2. Description of the Related Art
The oilfield industry currently uses two extremes of communication within wellbores. The classification of these two extremes relates to the timing of the wellbore construction, typically during the wellbore construction and after construction during the operation of the wellbore for production of hydrocarbons.
During the drilling and completion phases, communication is accomplished using a form of mud pulse telemetry commonly utilized within measurement while drilling (MWD) systems. Alternative methods of telemetry, such as low frequency electromagnetic and acoustics, have been investigated and found to be of limited or specialized use. In general MWD telemetry is bound by the speed of sound and the viscous properties in the drilling fluid, thus data rates for mud pulse telemetry seldom exceed 10 bits per second.
An increase in the number and complexity of downhole sensors in MWD systems has increased the need for higher data rates for the telemetry link. Also, introduction of rotary closed loop steering systems has increased the need for bi-directional telemetry from the top to the bottom of the well.
Industry efforts to develop high data rate telemetry have included methods to incorporate fiber optic or wire technology into the drillstring, transmitting acoustic signals through the drill string, and transmitting electromagnetic signals through the earth surrounding the drill string. U.S. Pat. No. 4,095,865 to Denison, et al., describes sections of drill pipe, pre-wired with an electrical conductor. However, each section of pipe is specially fabricated and difficult and expensive to maintain. Acoustic systems suffer from attenuation and filtering effects caused by reflections at each drill joint connection. Attempts have been made to predict the filtering effects, for example see U.S. Pat. No. 5,477,505 to Drumheller. In most such techniques, signal boosters or repeaters are required on the order of every 1000 feet. To date, the only practical and commercial method of MWD telemetry is modulation of mud flow and pressure with it's relatively slow data rate.

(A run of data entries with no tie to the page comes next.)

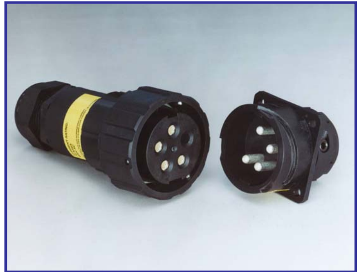
Amphe-GTR – 4 Conductor

Technical Specifications: Connectors are listed to UL/CUL 2238 Standard, Control Number 19VP. The Amphe-GTR connectors utilize a standard PG adaptor watertight strain relief on the plug to achieve their IP67 seal rating. Size 4 RADSOK Contacts are individually rated to 120 Amperes continuous. Connector assemblies are current rated per the cross-reference table above. Insulation Resistance is rated at 1000 MΩ and Dielectric Withstanding Voltage is rated at 2000 V AC (RMS). The Composite GT is flammability rated to UL94V-0.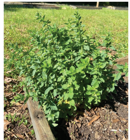
Oregano still growing from last year!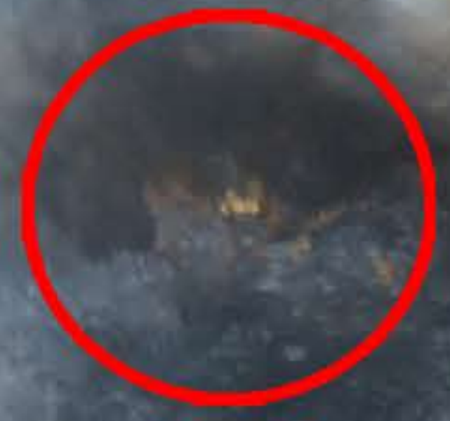
Visible Gold Solomon Trend - VG Zone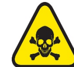
Hazardous Substance – Acute Exposure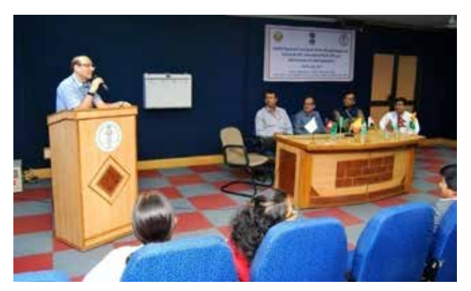
Valedictory Function of the SAARC Regional Training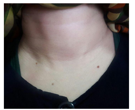
Figure 2. After one month, thyroid was painless but the warmth and redness continued with less intensity

After consultation with an endocrinologist, Prednisolone (50 mg/day) was started and the venlafaxine dose was initially reduced to 75 mg/ day and then to 37.5 mg/day. As an alternative to venlafaxine, sertraline (25 mg/day) was administrated and gradually elevated to the dose of 100 mg/day. After one month, thyroid was painless but the warmth and redness continued with less intensity (Figure 2). Venlafaxine administration was completely ceased, while continuing the treatments with sertraline (100 mg/day), propranolol (10 mg/day) and prednisolone (50 mg/ day). After discontinuation of venlafaxine, the thyroiditis symptoms completely resolved and the blood tests demonstrated hypothyroidism.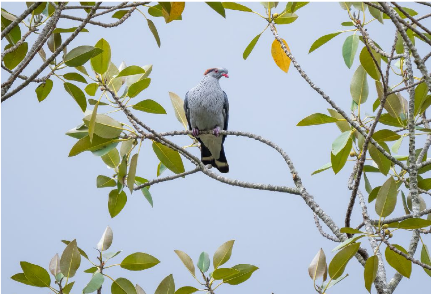
Topknot Pigeon

It was so windy that while on the Wattamulla Coastal Track , one of the first birds we saw was a Short-tailed Shearwater resting in the bay. The gentle waterfalls across that very same bay were no longer 'falling' but instead, rising! So anyway, with this extreme wind we did our best but really didn't managed much except a really quick glimpse of Chestnut-rumped Heathwren for a few people.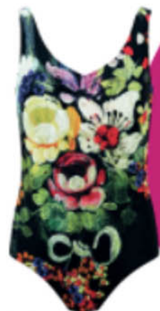
Floral Placement Swimsuit from Cotton Edits , £32

Your style guide to this summer's trend for flowery fashion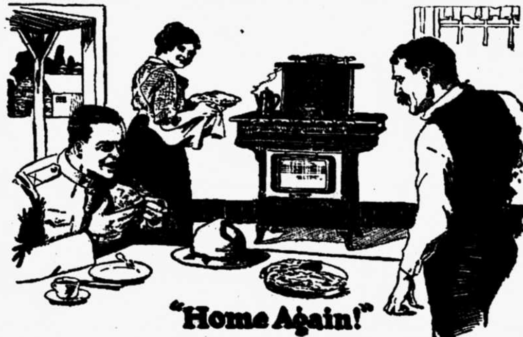
DETROIT VAPOR-Wickless, Kerosene-burning, Cook Stove. Best on Earth—While Present Stock Lasts.....$78

Butler Brothers will be delighted to show you their store. They want you to go through its four great floors filled with the best goods they have been able to pick from the markets of the world. Even if you do not want to buy now, you will enjoy seeing the store. You can find it easily. It is the big red brick building at the corner of Broad and Wilson.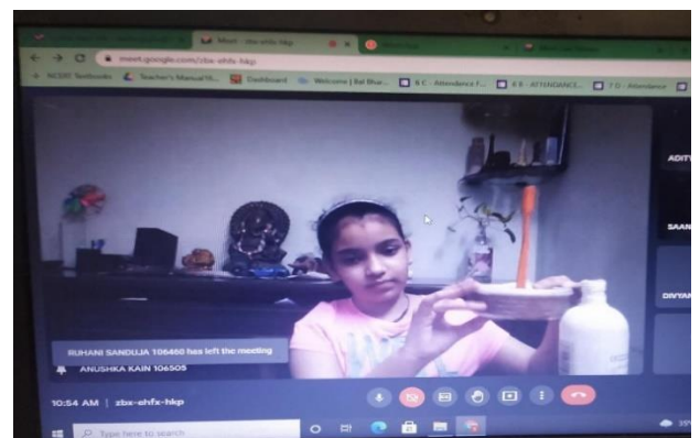
'Hands on Session -The Nest Making Activity'

'Tell me and I Forget. Teach me and I Remember. Involve me and I Learn'.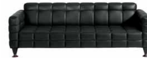
HOFF P.9; 10

2009 by Giuseppe Cbigiotti Small table on castors. Structure and shelves made of wooden conglomerate in ebonized teak finish. Indoor use only. W. 50 D. 80 H. 81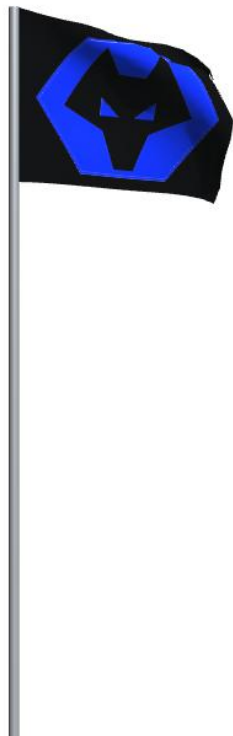
(The Sentinels flag)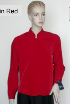
Mandarin neck, rounded fronts, full length sleeves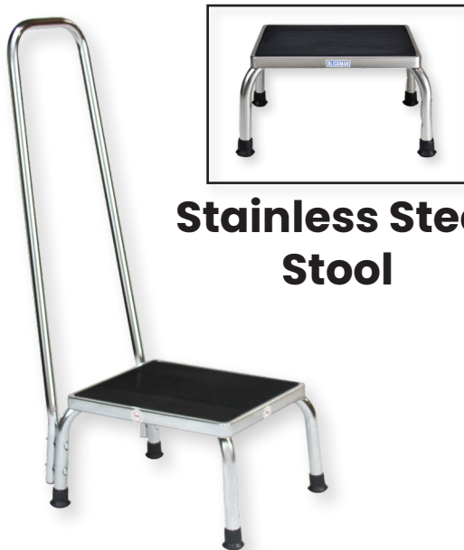
Stainless Steel Stool

Width: 14 1/4" x Height: 9" x Depth: 11 3/8"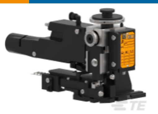
TE Part # 2151338-2 OCEAN-2.0-APPLICATOR-S-140F140O210O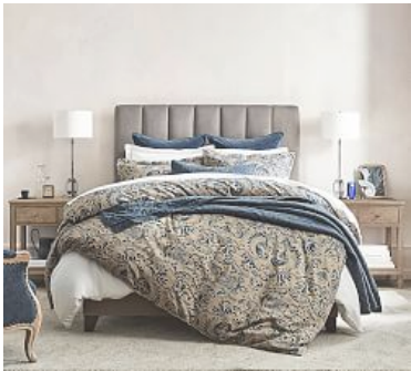
Kira Channel Tufted Upholstered Bed An updated take on Hollywood glamour, our Kira ... VIEW MORE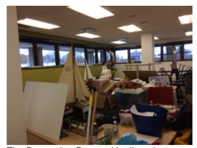
The Recreation Room with all equipment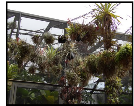
Block Botanical Gardens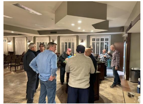
Council 8848 sponsored its Annual Men's Retreat for the Men of St James and surrounding Parishes at St Bernard Abbey in Cullman, Alabama. This was the 29th year of the Retreat.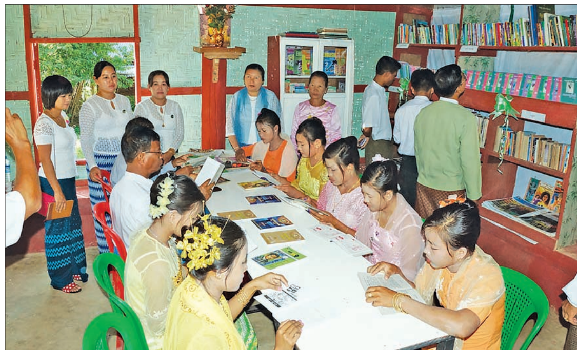
Villagers are reading at a library opened Monday in Pobbathiri Township.

Once a well is drilled and completed, special sensors and control devices are commonly installed to assist in operation of the well. These devices historically have been individually controlled or monitored by dedicated lines. These controls were initially hydraulically operated valves (e.g. subsurface safety valves) or were sliding sleeves operated by shifting tools physically run in on a special wireline to shift the sleeve, as needed.
The next evolution in downhole sensing and control was moving from hydraulic to electric cabling permanently mounted in the wellbore and communicating back to surface control and reporting units. Initially, these control lines provided both power and data/command between downhole and the surface. With advances in sensor technology, the ability to multiplex along wires now allows multiple sensors to be used along a single wire path. The industry has begun to use fiber optic transmission lines in place of traditional electric wire for data communication.
A common element of these well operation sensors and devices is the sending of power and information along the installed telemetry path. The telemetry path is typically installed in long lengths across multiple sections of jointed tubular. Thus, the installation of the telemetry path is required after major tubulars are installed in the well. The devices along the telemetry path must comply with a common interface and power specification. Any malfunction in the line puts the power transmission and communication in jeopardy.
Thus, there is a demonstrated need for higher data rate telemetry systems with bi-directional transmission capability for use with jointed tubulars.